Large blocks of highly identical duplications are enriched near human centromeres and telomeres as well as specific focal regions within euchromatin. Not surprisingly, these regions are very poorly represented within the WGSA (Fig. 2; see also Supplementary Fig. 2). Such duplication regions are also frequently associated with genomic disease owing to non-allelic homologous rearrangement between intrachromosomal duplications. We examined the WGSA for five disease breakpoint regions (spinal muscular atrophy type I, Charcot–Marie–Tooth disease, velocardiofacial/DiGeorge syndrome, Prader–Willi syndrome and William's syndrome). Between 71–97% of the sequence corresponding to these large segmental duplications was absent (Supplementary Fig. 1). It follows that strict dependence on a WGSA approach would severely oversimplify the architecture of our genome and limit an understanding of the molecular aetiology of such diseases.

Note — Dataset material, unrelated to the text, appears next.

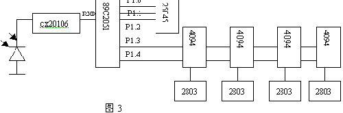 接收器部分,主要由CX20106和89C2051、顯示驅動4094、2803及數(shù)據(jù)存儲器和看門狗25045組成,用解碼芯片CX20106把38K的載波過濾后,得到一組波形,即以波特率為1200的串口數(shù)據(jù),直接送至89C2051的RXD接收,用軟件讀取串口,輸入緩存,得到一組數(shù)據(jù),判斷正確后,存放在非易失性的EEPROM25045中,同時直接用脈沖移位方式,送數(shù)據(jù)至4094,經(jīng)2803驅動后顯示,同時用25045的看門狗定時,保證在程序失控等情況下,能正確返回而不造成錯誤接收。由于串行口方式傳輸,本身帶有奇偶校驗和起停位校驗,可以大大提高數(shù)據(jù)的可靠性,同時在數(shù)據(jù)組中還加入了累加和校驗,再次提高了可靠性,因此在實際應用中,即使在露天、太陽直射、光照很強等惡劣環(huán)境下,都能保證不會誤收數(shù)據(jù)而造成顯示錯誤。其原理圖如下: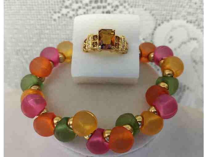 Hand Crafted Expandable Bracelet & Ring Set (Ring sz 7-8) # 4

**Figure 2: Distribution of LCR16a duplications in two assemblies.**

As a final assessment of segmental duplications between the assemblies, we analysed 19 duplicons whose copy number and distribution within the human genome had been experimentally validated by fluorescence in situ hybridization and/or hybridization data. We mapped 75 sequence tags corresponding to these 19 duplicons by BLAST sequence similarity searches against the two human genome assemblies (Supplementary Table 3). Within the finished build34 genome a total of 535 copies mapped to specific chromosome positions—in good agreement with experimental data (n = ∼580 copies). Eleven mapped to positions within the unplaced or random sequence contigs. By comparison, only 240 discrete loci could be identified within the WGSA. Of these, 94 mapped to specific chromosomal positions, whereas the remainder localized to an unknown chromosome. We conclude that a minor fraction (∼ 20%) of the duplicated sequence is correctly placed within the WGSA and that more than one-half of the duplications have been collapsed or lost.

Segmental duplications and WGSA chromosome length

The size of human euchromatin within build34 (2,865 Mb) is significantly larger than that predicted by the WGSA (2,696 Mb). This size difference is not uniformly distributed among chromosomes (Table 1; see also Supplementary Fig. 3). Although some of this lost euchromatin, 170 Mb, has been attributed to reduced coverage of the sex chromosomes as a result of the male donor in the WGSA⁸, differences in the length of the sex chromosomes would only account for 44.9 Mb of sequence. As human chromosomes vary considerably in duplication content, we sought to determine whether there was a correlation between chromosomes that carry large blocks of duplications with high sequence identity and reduced chromosomal length (Supplementary Fig. 3). There is a strong correlation (r = 0.9) between the reduction in chromosome length and the number of highly identical duplication bases (Table 1). Chromosome 16 is most notable in this regard. This chromosome is reduced by 17% in the WGSA. It is also the autosome that has the largest fraction of highly identical segmental duplications (Table 1). We estimate that missing segmental duplications contribute more than 50% to the reduced size of the WGSA when compared with build34 (90 Mb out of the 170 Mb reduced size).

Implications

Our analysis clearly shows that strict WGSA has limited capacity to resolve the structure of duplicated regions within genomes. Most of this effect, however, occurs among duplications that exceed >15 kb in length and show greater than 97% sequence identity. We predict that the largest, nearly identical duplications will be absent from WGS sequence assemblies. Clearly, different assembly algorithms^16,17 may perform better or worse than the Celera assembler—with a trade-off between ability to separate repeats and robustness in the face of polymorphism or sequencing error—but these thresholds provide a useful benchmark for future genome assembly comparison. This study has several important ramifications.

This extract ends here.